Plastic recycling in Ethiopia

This project is called Zelaki, which means “long lasting” in the Ethiopian language of Amharic. The goal is to create international student-led workshops to remove tons of plastic water bottle waste from Ethiopia’s national parks and use low-tech machinery to recycle it into tourist souvenirs that local community members can sell.

More than 300,000 plastic bottles a year are discarded in the fragile ecosystem of the country’s Simien Mountains National Park.

India Schneider-Crease, an assistant professor in the School of Human Evolution and Social Change and the Center for Evolution and Medicine at ASU, just returned from Ethiopia, where she has been organizing a pilot.

“People want to recycle but they lack the technology and capacity to implement recycling pipelines in these pretty remote areas,” she said.

“(Zelaki) disrupts standard recycling paradigms in which corporations come in, extract profit from the recycled plastic and nothing goes back to the community.”

Expanding their impact

In providing feedback, the judges asked for more detailed metrics, suggested an emphasis on particular points or highlighted potential challenges they’ve faced in their experiences.

Dawn Wallace, vice president for civic leadership at the Flinn Foundation, runs the Flinn-Brown Fellowship program. She gave feedback to the team proposing fellowships for conservation practitioners and described the difficulty of keeping alumni of such programs engaged if they move away.

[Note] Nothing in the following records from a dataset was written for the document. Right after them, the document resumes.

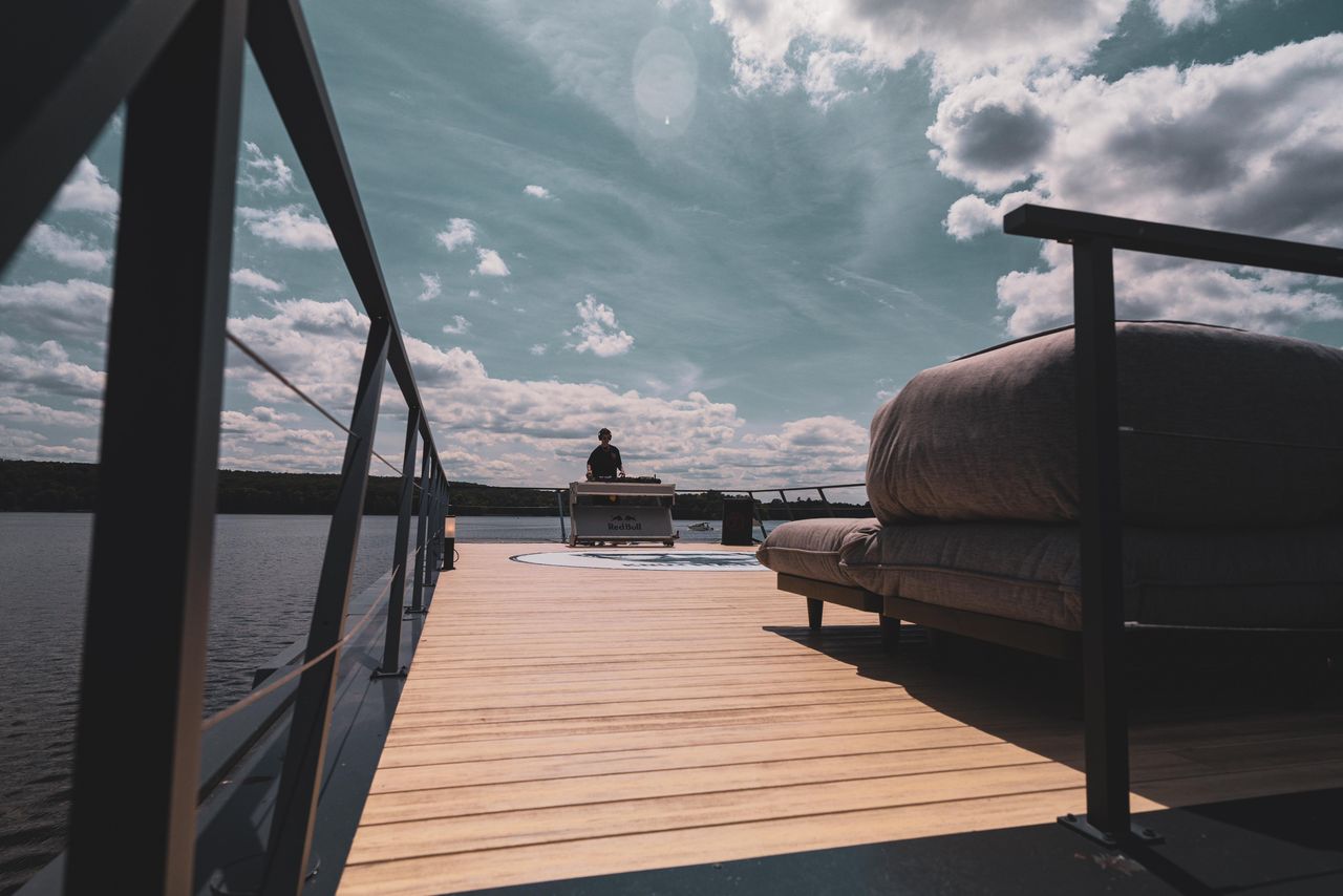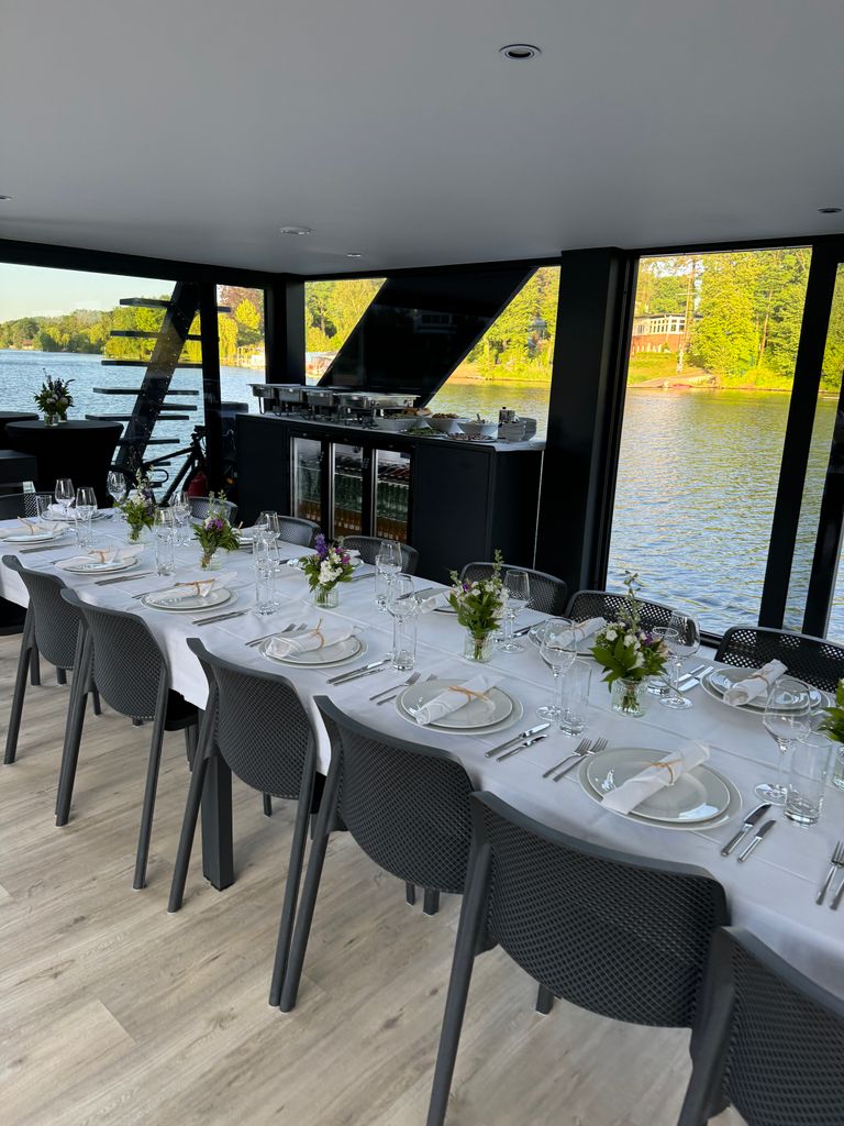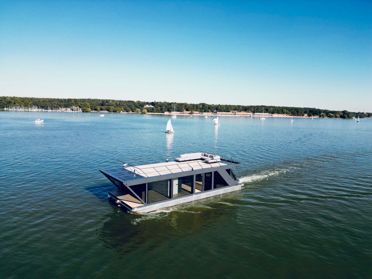 Modernes Haus- / Eventboot auf der Havel mit der Möglichkeit zu fahren. Große Terrasse + modernes Interieur.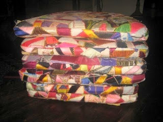 These are my dining room chair cushions. They are a colorful lot! I purchased the chairs and cushions at Crate & Barrel and then had the cushions covered with the crazy quilt.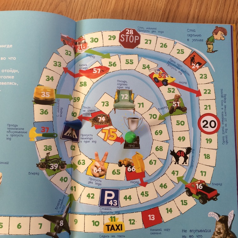 Здесь можно ускакать и на 11, 20, 30 шагов вперед, и слететь на начало игры или в предыдущий круг на спирали, и куча прочих подстав, в общем результат почти непредсказуем! Но не в нашем случае)) тиме и здесь везет, я не выиграла ни разу. Однажды он выиграл за четыре хода, так совпали спец фишки. Чума)))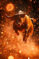 Een majestueuze stier zweeft krachtig door een gloeiende, sprankelende atmosfeer terwijl het Bitcoin-symbool boven hem zweeft. Deze dynamische scène belichaamt kracht en het streven naar succes. De afbeelding is ideaal voor een modern kantoor of creatieve werkruimte en biedt inspiratie en motivatie.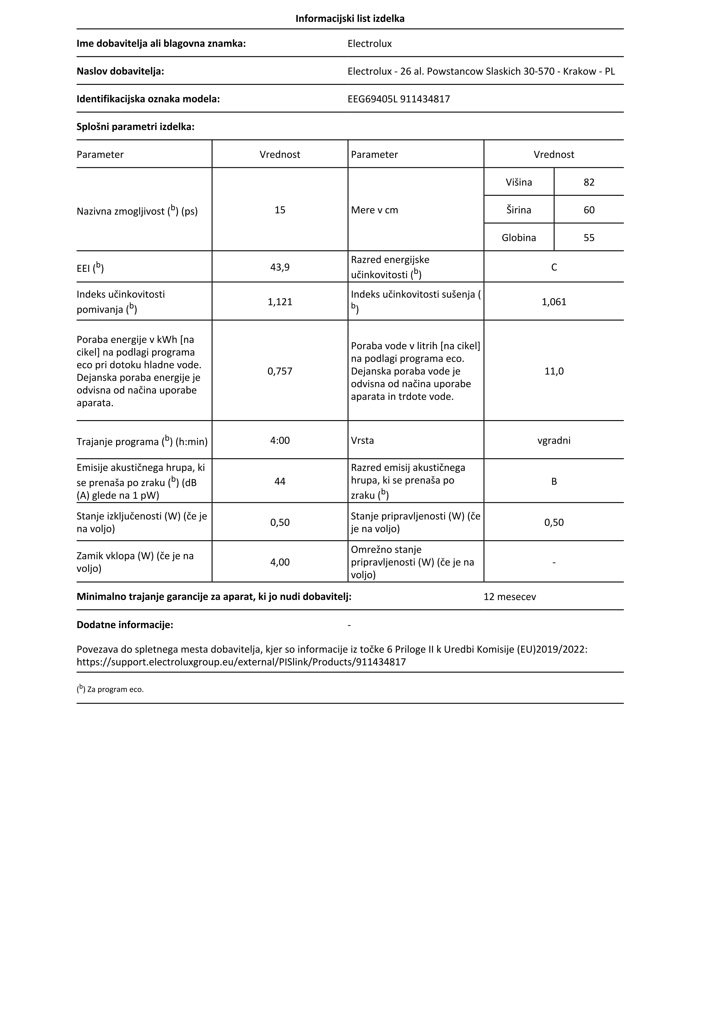 Blagovna znamka ELECTROLUX ENERGIJSKI RAZRED C VRSTA POMIVALNEGA STROJA VGRADNI ŠTEVILO POGRINJKOV 15 PORABA ENERGIJE NA 100 CIKLOV 84 KWH ŠTEVILO PROGRAMOV 8 PORABA VODE NA CIKEL 11 L ŠIRINA 59,6 CM ZAŠČITA PRED IZLIVOM VODE NE GLOBINA 55 CM INVERTER MOTOR DA ŠTEVILO TEMPERATUR 3 TRAJANJE PROGRAMA ECO 4:00 H : MIN ŠIRINA POMIVALNEGA STROJA 60 CM EMISIJA HRUPA 44 DB RAZRED EMISIJE HRUPA B ZAMIK VKLOPA DA POVEZLJIVOST WI-FI NE VIŠINA 81,8 CM GARANCIJA V LETIH 2 DOD.JAMSTVO/POGOJI GARANTA/LET 3 Mnenja

“The long-term impact of investing in these human beings who are doing the work is meaningful,” she said.

“But you’re dealing with human beings who may not stick around in their jobs or in the state. It’s an important part of the impact value.”

The feedback from the Moonshot Accelerator cohort has shown that there’s a demand for this type of training across ASU, Govani said.

“We have built standalone workshops, taking modules out of this cohort to get this information to more teams,” she said.

The second cohort has been announced, and that group will likely have a pitch session earlier in the process.

“The process of building the pitch clarifies their thinking in ways the training content alone doesn’t do,” Govani said.

Swerzenski, the director of the Osher Lifelong Learning Institute, said the Moonshot Accelerator cohort program was transformational.

“I had ideas of where I wanted to go but no direction,” he said.

“They gave us the direction and connection on where to find funding and how to use different language for different funders.

“I knew what we believed in but we got a clear and succinct paragraph of OLLI and the impact it can make.”